42 Fifth, it is well apparent that the plaintiffs did not need to establish any legal or equitable interest in the assets of the companies in order to justify the appointment of the receiver. Although having said that, it seems to me that there were good arguments to suggest that the plaintiffs had an equitable interest through a constructive trust in the assets of the companies given the nature of the causes of action alleged and the fact that the third or fourth plaintiffs originally held the Business before each of the relevant impugned transactions in breach of statutory and fiduciary duties.
43 Sixth, the plaintiffs did not make any application under s 1323(1)(h) or s 1323(3) of the Act. Accordingly in appointing the receiver I did not invoke that otherwise available head of power.
44 Seventh, it should be apparent from what I have said that the appointment of the receiver was not pursuant to some friendly relationship between a creditor and the debtor company. The plaintiffs are in opposing interests to the companies. There is no suggestion that the receivership was designed to defeat or delay other creditors.

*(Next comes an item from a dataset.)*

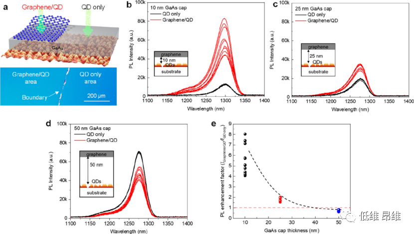 有鉴于此,近日,韩国科学技术研究院Daehwan Jung等展示了石墨烯/III-V量子点混维异质结的强光致发光增强。与仅量子点结构相比,2D/0D杂化结构中石墨烯与量子点之间的距离决定了辐射载流子复合增强的程度从80%到800%。当距离从50 nm减小到10 nm时,时间分辨的光致发光衰减也显示出载流子寿命增加。研究认为,量子点的光学增强是由于能量、弯曲和空穴载流子转移,它们修复了量子点中电子和空穴载流子密度的不平衡。这种2D石墨烯/0D量子点异质结显示出高性能纳米级光电器件的应用前景。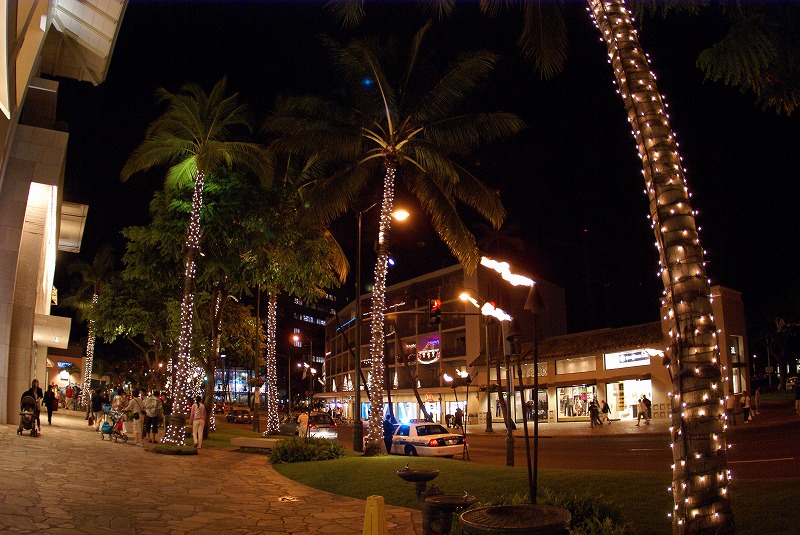夜のワイキキ繁華街へ行くと、

45 Eighth, notwithstanding the plaintiffs' original position, which was to have one of the liquidators appointed as the receiver, I declined that request and appointed a receiver who was independent of all parties.
46 Ninth, in appointing the receiver there was no suggestion that his appointment conferred upon the plaintiffs a form of pre-trial security that they otherwise lacked.
47 Finally, I accept that before the practical fusion of law and equity, the Court of Chancery did not make available its remedy of receiver, and that after that fusion such a remedy has not generally been available (absent statutory power), as a means just for establishing a scheme for the administration of a financially embarrassed corporate debtor (National Australia Bank Ltd v Bond Brewing Ltd at 551). I say "generally" given the exceptions I have noted in [41(c)] above. But that says nothing about the breadth of the statutory powers that I have exercised under ss 23 and 57 of the Federal Court of Australia Act and their capacity to be cautiously utilised to achieving such an objective, but as ancillary to and supportive of the primary relief sought, its enforcement and the protection of this Court's processes.